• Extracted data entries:

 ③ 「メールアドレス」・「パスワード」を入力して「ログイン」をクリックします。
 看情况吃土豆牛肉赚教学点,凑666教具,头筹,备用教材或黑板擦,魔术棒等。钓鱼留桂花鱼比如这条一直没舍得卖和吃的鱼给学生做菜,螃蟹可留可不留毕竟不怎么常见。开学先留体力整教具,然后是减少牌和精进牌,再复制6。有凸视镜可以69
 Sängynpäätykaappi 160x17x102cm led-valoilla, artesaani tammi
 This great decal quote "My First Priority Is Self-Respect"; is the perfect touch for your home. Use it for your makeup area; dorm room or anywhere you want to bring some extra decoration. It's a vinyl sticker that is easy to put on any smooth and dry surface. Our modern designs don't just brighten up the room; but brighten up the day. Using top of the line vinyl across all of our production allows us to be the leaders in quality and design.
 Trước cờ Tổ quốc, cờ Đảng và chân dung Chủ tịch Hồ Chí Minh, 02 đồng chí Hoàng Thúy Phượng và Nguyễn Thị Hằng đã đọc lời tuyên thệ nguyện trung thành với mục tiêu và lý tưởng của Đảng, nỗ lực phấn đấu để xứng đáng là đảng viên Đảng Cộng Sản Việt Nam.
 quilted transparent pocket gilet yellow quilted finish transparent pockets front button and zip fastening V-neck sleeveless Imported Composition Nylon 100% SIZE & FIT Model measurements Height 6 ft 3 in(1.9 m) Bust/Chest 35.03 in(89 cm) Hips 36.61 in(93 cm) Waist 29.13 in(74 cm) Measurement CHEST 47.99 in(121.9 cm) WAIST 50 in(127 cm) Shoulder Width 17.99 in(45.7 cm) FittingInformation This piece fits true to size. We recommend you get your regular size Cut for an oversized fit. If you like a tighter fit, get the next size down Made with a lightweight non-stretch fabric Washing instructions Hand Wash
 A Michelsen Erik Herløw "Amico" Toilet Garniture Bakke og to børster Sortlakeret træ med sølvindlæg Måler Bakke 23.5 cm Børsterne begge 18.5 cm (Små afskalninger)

• PROMPT: Track down every line in the entries that includes the string "your", and copy it.

• RESPONSE:
 This great decal quote "My First Priority Is Self-Respect"; is the perfect touch for your home. Use it for your makeup area; dorm room or anywhere you want to bring some extra decoration. It's a vinyl sticker that is easy to put on any smooth and dry surface. Our modern designs don't just brighten up the room; but brighten up the day. Using top of the line vinyl across all of our production allows us to be the leaders in quality and design.
 quilted transparent pocket gilet yellow quilted finish transparent pockets front button and zip fastening V-neck sleeveless Imported Composition Nylon 100% SIZE & FIT Model measurements Height 6 ft 3 in(1.9 m) Bust/Chest 35.03 in(89 cm) Hips 36.61 in(93 cm) Waist 29.13 in(74 cm) Measurement CHEST 47.99 in(121.9 cm) WAIST 50 in(127 cm) Shoulder Width 17.99 in(45.7 cm) FittingInformation This piece fits true to size. We recommend you get your regular size Cut for an oversized fit. If you like a tighter fit, get the next size down Made with a lightweight non-stretch fabric Washing instructions Hand Wash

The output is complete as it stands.